Telle la créature de Frankenstein, Donald Trump commence à échapper à ceux qui ont contribué à le façonner.

Donald Trump : même les Russes commencent à douter

En moins d’un mois, Donald Trump aura donc mis en cause des juges de la Cour suprême, insulté, entre autres, un héros de la lutte pour les droits civiques et un vétéran très respecté de son propre camp… Il s’en est pris à l’Otan, à l’Europe et à l’Allemagne. Il n’a pas hésité à tacler des alliés historiques des Etats-Unis, comme ce Premier ministre australien à qui il a raccroché au nez après une demi-heure d’un entretien prévu pour durer une heure…

Donald Trump pose dans son bureau de la Trump Tower, en mai 1996.

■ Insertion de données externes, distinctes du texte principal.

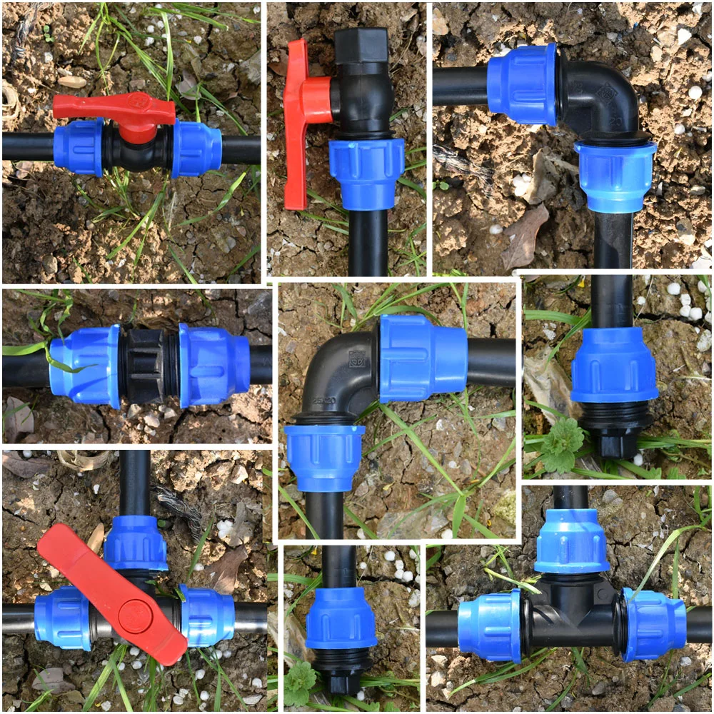 20/25/32/40/50/63 мм пластиковая полиэтиленовая трубка, соединитель для водопроводной воды, тройник, разветвитель, быстроразъемная муфта клапана, коленная заглушка, фитинги для орошения

A grands renforts de rodomontades et de tweets rageurs, il est aussi parti bille en tête en guerre contre le Mexique, son premier partenaire commercial, contre la Chine, et l’Iran. Son premier coup de fil à Nawaz Sharif, Premier ministre du Pakistan, qualifié de « mec génial », à la tête d’ »un pays extra, avec des gens supers », a laissé son interlocuteur, interloqué, sous le choc. C’était juste avant de fermer brutalement, sans aucune forme de procès, les portes du pays à tous les ressortissants de sept pays musulmans qu’il soupçonne d’être des foyers terroristes… On en oublie, tant les frasques sont nombreuses.

Donald Trump dans

Bromance à sens unique.

En moins de trois semaines, le président de la première puissance mondiale aura donc réussi à incarner comme personne, le chaos diplomatique. Nul ne semble pouvoir échapper à ses fulgurances compulsives. A une exception près : Vladimir Poutine, président russe, avec qui il a eu la semaine dernière une longue conversation, qu’il a estimée « chaleureuse et constructive ».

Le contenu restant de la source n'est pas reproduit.